_PROBLEM DESCRIPTION_
Please write out exactly the lines from the one with "1. Scroll down" through the end of the data below, both ends included, and omit any pictures.

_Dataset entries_

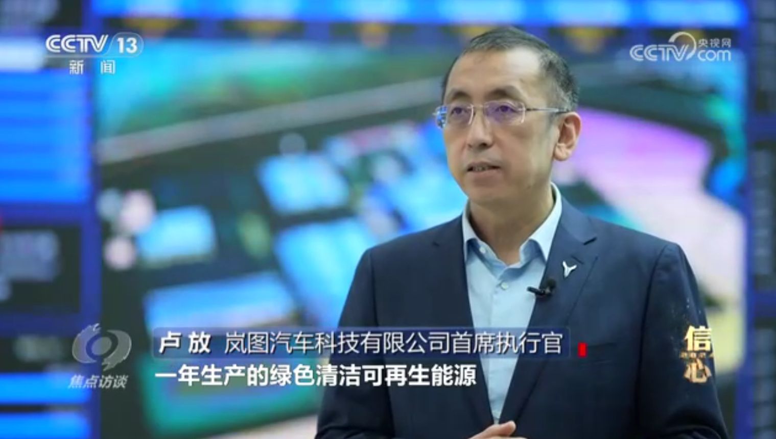 卢放:“光伏项目一年生产的绿色清洁可再生能源,占到这个工厂能源消耗的13%以上。未来清洁能源的消耗占比达到25%以上,目标就是用绿色能源生产绿色新能源汽车。”
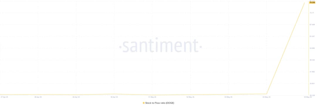 نسبت سهام به جریان (Stock-to-Flow) این میمکوین اکنون به 79 رسیده که یک رکورد هفتگی است.
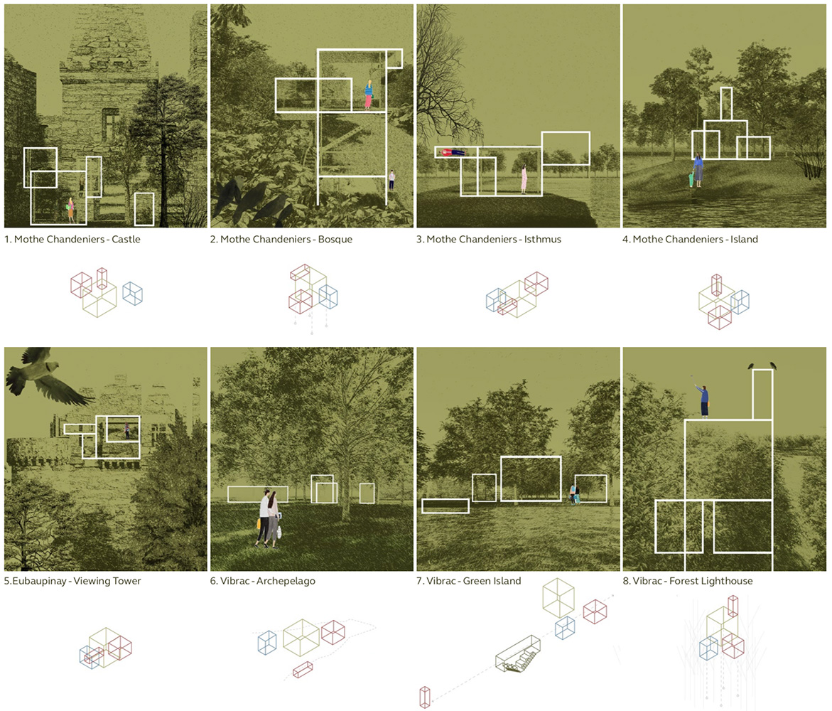 The design process began by questioning the kind of relationship that we would like to establish with the trees, challenging the validity of propagating the tree house as the archetype that we know. The concept removes the dependency on the tree, freeing it from our impositions and desires, and formulates an intention to cohabitate and not to conquest. The intention is to conceive an architecture that could generate a generous dialogue with the trees, producing space out of these relationships. The trees are as much a spectacle to be revered and contemplated as the ruins that characterize the three sites. The ruins are a testament of time, constantly reminding us of the fallacy of the concept of permanence and decay of matter. The trees are a testament of time that reminds us of the complexity of life and persistency of nature.
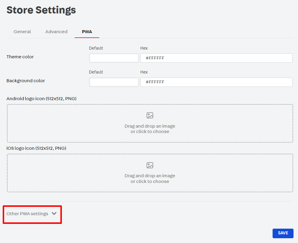 1. Scroll down and go to the Other PWA settings field. Click the arrow to show the other settings.
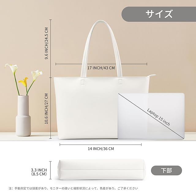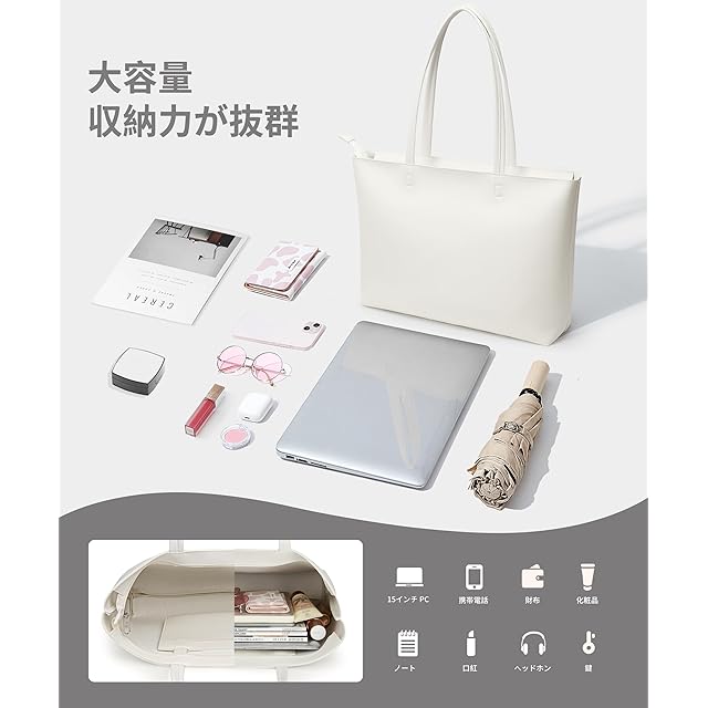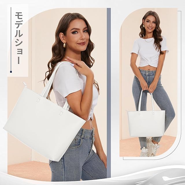 [KALIDI] トートバッグ ショルダーバッグ 大容量 レディース メンズ 肩掛けバッグ 大きめ エコレザー 合皮 シンプル 無地 A4 横型 男女兼用 ビジネス 内ポケット有り ファスナー付き (ホワイト)
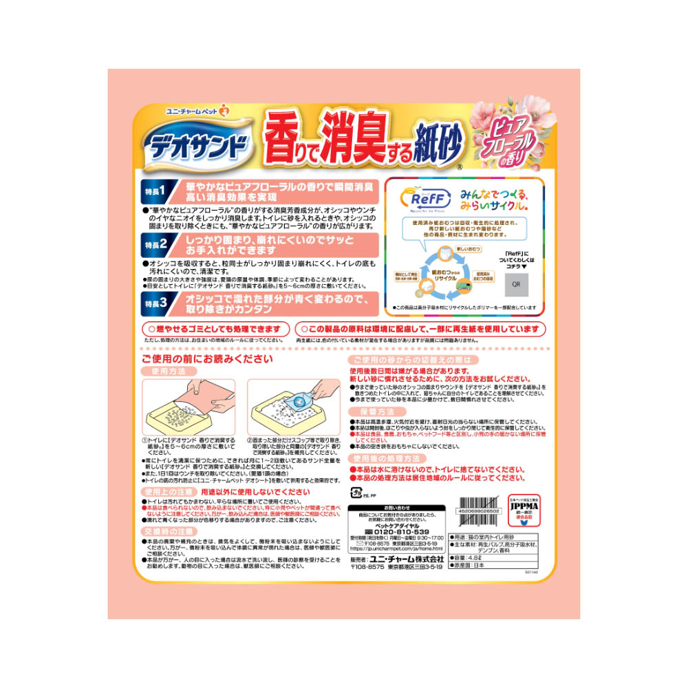 デオサンド 香りで消臭する紙砂 RefFピュアフローラルの香り4.8L
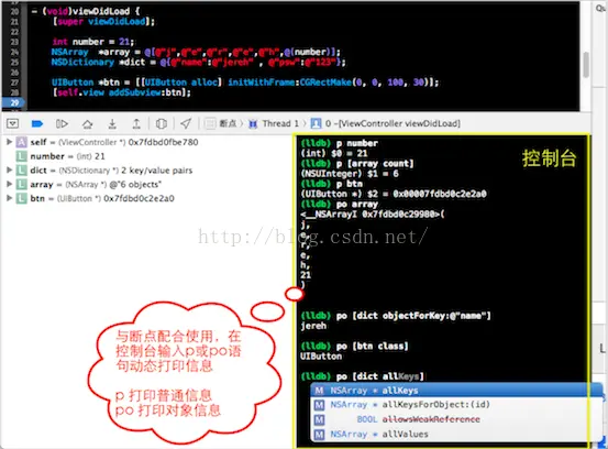 在程序的调试过程中,除了通过断点调试在Xcode下方查看变量的值,也可以通过NSLog在控制台输出想要的信息。使用NSLog输出需要在运行前就把想要输出的信息写好,如果有改变,需要重新编译运行,效率非常低。

_RESPONSE AREA_
 1. Scroll down and go to the Other PWA settings field. Click the arrow to show the other settings.
 [KALIDI] トートバッグ ショルダーバッグ 大容量 レディース メンズ 肩掛けバッグ 大きめ エコレザー 合皮 シンプル 無地 A4 横型 男女兼用 ビジネス 内ポケット有り ファスナー付き (ホワイト)
 デオサンド 香りで消臭する紙砂 RefFピュアフローラルの香り4.8L
 在程序的调试过程中,除了通过断点调试在Xcode下方查看变量的值,也可以通过NSLog在控制台输出想要的信息。使用NSLog输出需要在运行前就把想要输出的信息写好,如果有改变,需要重新编译运行,效率非常低。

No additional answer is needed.